In the early 1860s, mistrustful of state-sponsored education, Tolstoy organized a school for the peasants at Yasnaya, creating educational primers for them as well as a magazine that addressed pedagogical matters. This desire to reform and educate, perhaps stemming from Tolstoy's early self-improvement lessons, remained an integral part of his life.

In 1862, he proposed to and married Sonya Behrs. In the early years of their marriage, the couple was, by all accounts, deliriously happy. Sonya proved to be an efficient helpmate, editing Tolstoy's writing, correcting his grammar, and copying over the many drafts of his manuscript. For his novel War and Peace (1869), Sonya copied the manuscript seven times in its entirety. Though their marriage would grow discordant following the publication of Anna Karenina and Tolstoy's subsequent religious conversion, the first fifteen years of their union were generally happy ones, marked by the births of seven children.
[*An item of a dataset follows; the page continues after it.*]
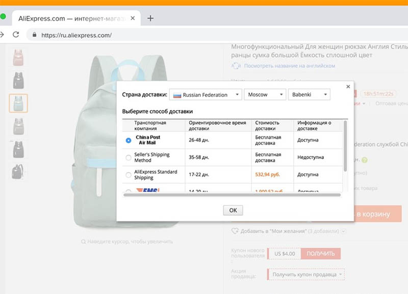 Проще всего — искать товары с бесплатной доставкой, но к сожалению она доступна не для всех товаров на AliExpress. Как правило, у любого товара есть несколько вариантов доставки, отличающихся по срокам и стоимости — например EMS или AliExpress Standard Shipping будут стоить сколько угодно до 100 до 5000 рублей, а вот China Post Registered Air Mail доставит вашу покупку бесплатно, но в два раза медленнее.

During the writing of Anna Karenina, Tolstoy deepened his spirituality and practiced the rites of the Russian Orthodox Church. After the completion of Anna Karenina, he embarked on the next phase of his career in which he concentrated his efforts on social reform and religious thinking, and founded a press to distribute much of this literature at an affordable price to the people.

These final decades saw him devote himself to social service such as work on famine relief in Russia, as well as protest against the death penalty punishment. Because of his extensive questioning of the Orthodox Church, Tolstoy was excommunicated in 1901. Due to the fact that he was by now a world figure, almost with the status of a prophet, the Russian government could do precious little about Tolstoy and opted instead to suppress his writings when they proved too controversial.

At the age of 82, Tolstoy fled his home and headed for the Optina Monastery, a place he had visited often and where he felt comfortable. Optina was a haven where he felt he could finally achieve the simplicity of life he had spent the better part of his days searching for. During the train trip he became ill, catching pneumonia. Taken to the stationmaster's house at Astapovo to recuperate, he died on November 7, 1910, surrounded by journalists and family members. His funeral, attended by 4,000 people and conducted without church rites, was the largest ever in the history of Russia.